Dell in Deal to Go Private
Just last week I was writing about the importance of sometimes ignoring Wall Street analysts whose focus on quarterly earnings can force a company into neglecting its best interests. Bowing to the demands of quarterly reporting (and profits) reflects short-term thinking that might prevent long-term success. Today Dell decided to go private in a $24 billion dollar deal that involved about $15 billion in debt, private equity and an assist from Microsoft and I think it reflects Dell’s need to step away from that thinking.
It’s a gutsy move but one that I think will benefit Dell. It is also somewhat like a restructuring under court supervision during a bankruptcy but this has none of the stigma of a bankruptcy nor does it have the outsiders looking over your shoulder that can make such a restructuring so difficult.
Dell will be free to chart its course though it must be said that its partners in this endeavor can’t be expected to be silent. But neither can they be expected to be naïve about what’s ahead, they presumably are smart people who went into this with open eyes.
So, what are they doing and why? Well, PC and laptop sales have peaked. The industry will sell a lot of boxes this year, but the growth is out of the market and it is becoming a zero-sum situation of replacements and takeaways. In Q4 2012 the majors, including Dell, shipped a combined 90,372,942 units — 4.9% less than in 2011’s Q4 according to Gartner. At the same time, smaller devices are ramping like crazy — headline: “Gartner: PC sales continue to slide as tablets eat their lunch” and as the PC makers sneeze, Intel, the maker of the CPU chip, catches cold — headline — “Intel profit sinks 27% on dreadful PC sales”. So the play now is to compete in tablets and smart phones and try to make it up on volume and software. But the prices are lower for smaller devices and so are the profits.

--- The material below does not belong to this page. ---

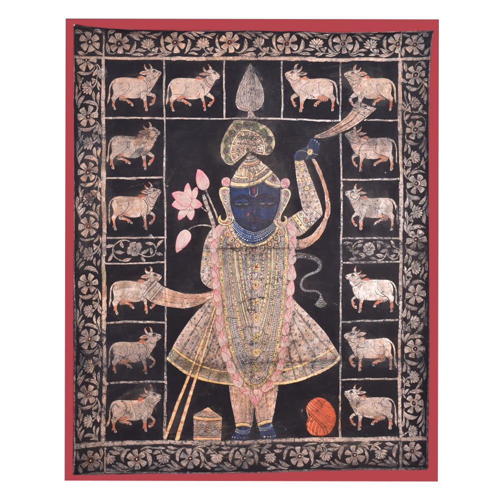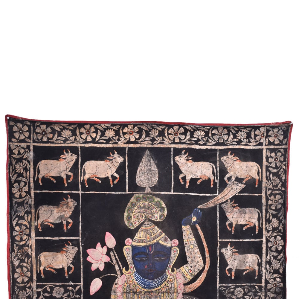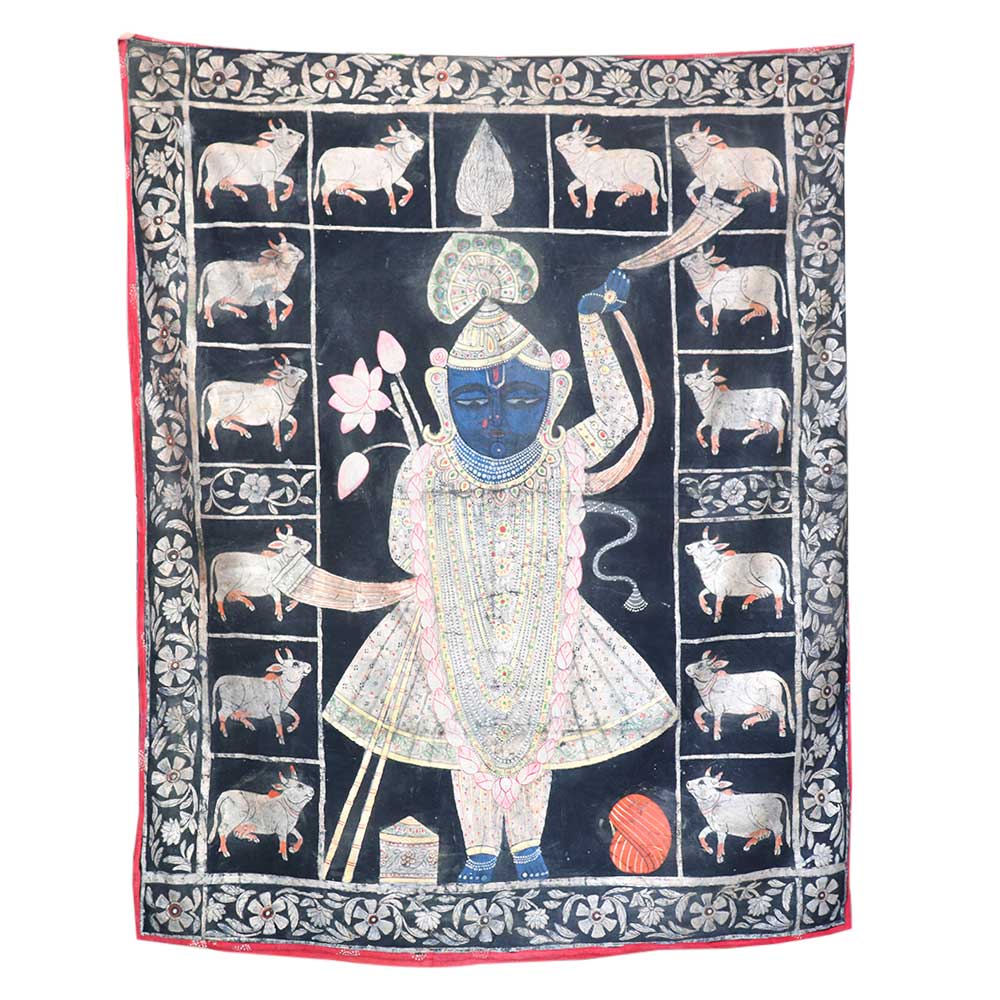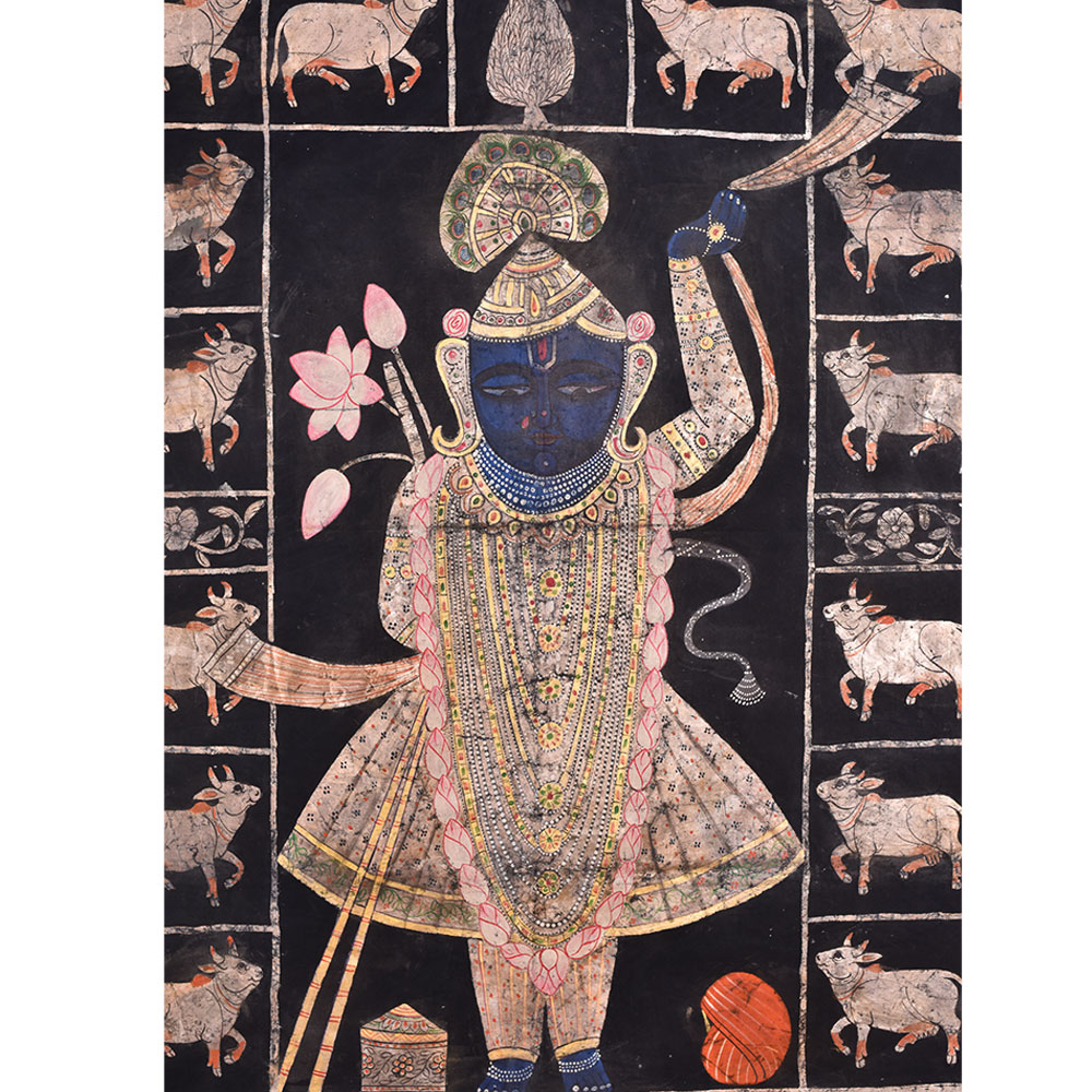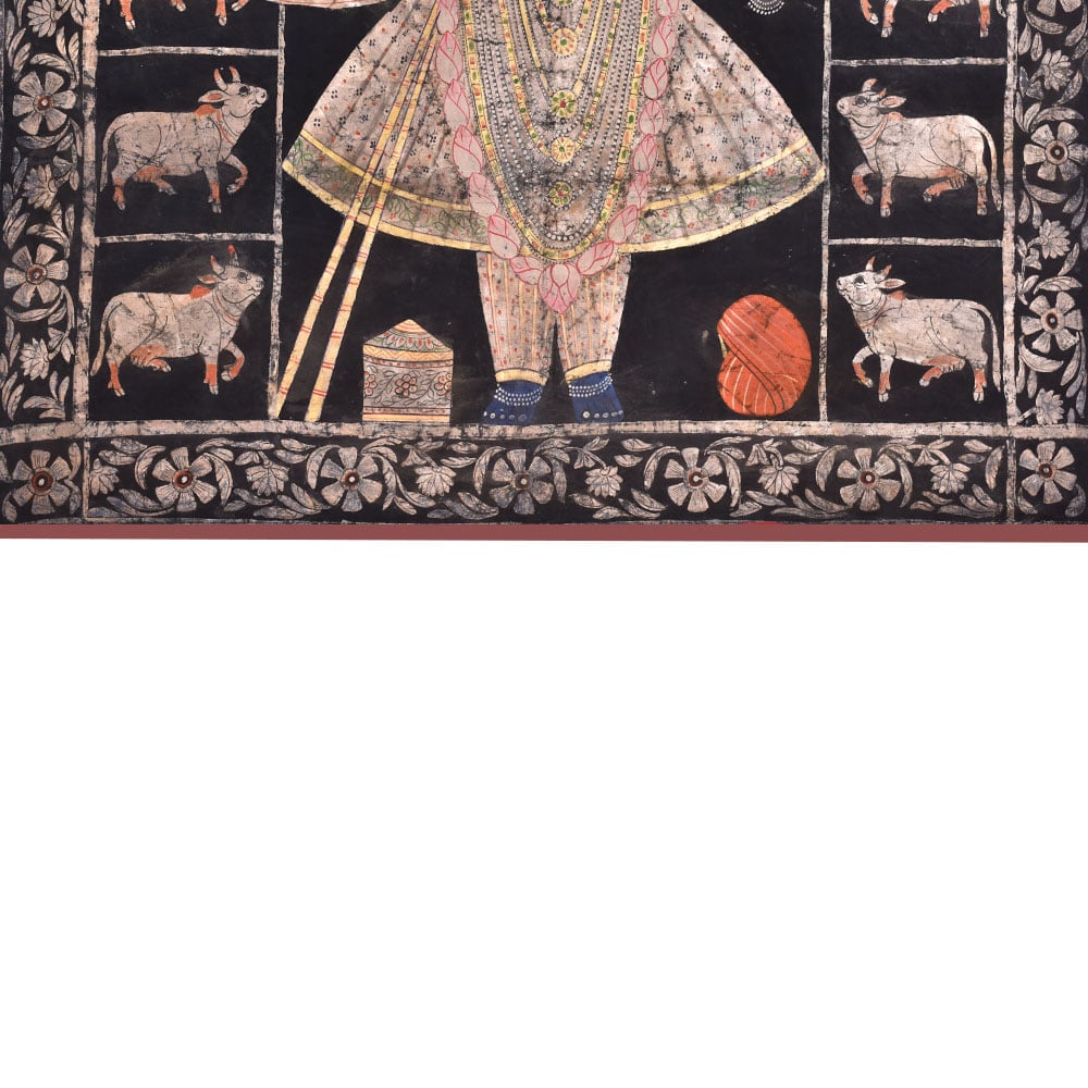 • Srinathji Pichwai painting With Cows On Black Fabric

When Dell was a public entity, no Wall Streeters wanted to know about declining sales of big boxes or rising sales, but lower margins, of devices. But that’s the reality. As a private company Dell will be freer to attack the device market and to more aggressively go after the market for cloud computing where it can remake itself into a twenty-first century tech company.
Dell already has substantial assets in non-hardware related areas. For example, it owns Boomi, a cloud integration product that enables Dell’s service group to bring together multiple cloud systems into a single solution for its mid-range customers. It partners with Salesforce.com in delivering Sales Cloud and Service Cloud solutions using Boomi and third party apps. It ties the deals together with financing from Dell Finance. So the company has some significant assets it can use to innovate new products and I expect we will see a lot of that.
Lastly, as I look at this I see a similar story in Sun Microsystems which Oracle bought a couple of years ago when the once high-flying computer maker began to stumble. In concert with Oracle’s database gurus, the hardware division has rolled out some impressive next generation devices that will certainly drive cloud computing to new heights. But there’s no reason to concede that market to Oracle/Sun and Dell might have something to say about high performance cloud computing infrastructure as it begins to innovate anew as a private company.
Dell’s announcement this morning is studded with opportunity and peril. But the fact that it has taken control of its destiny and that founder Michael Dell is still at the helm means that the company should now attempt to kick its innovation into high gear. The outcome is uncertain but if successful it may present a new model for what aging and once successful companies can do when the market shifts beneath their feet. This will be fun to watch.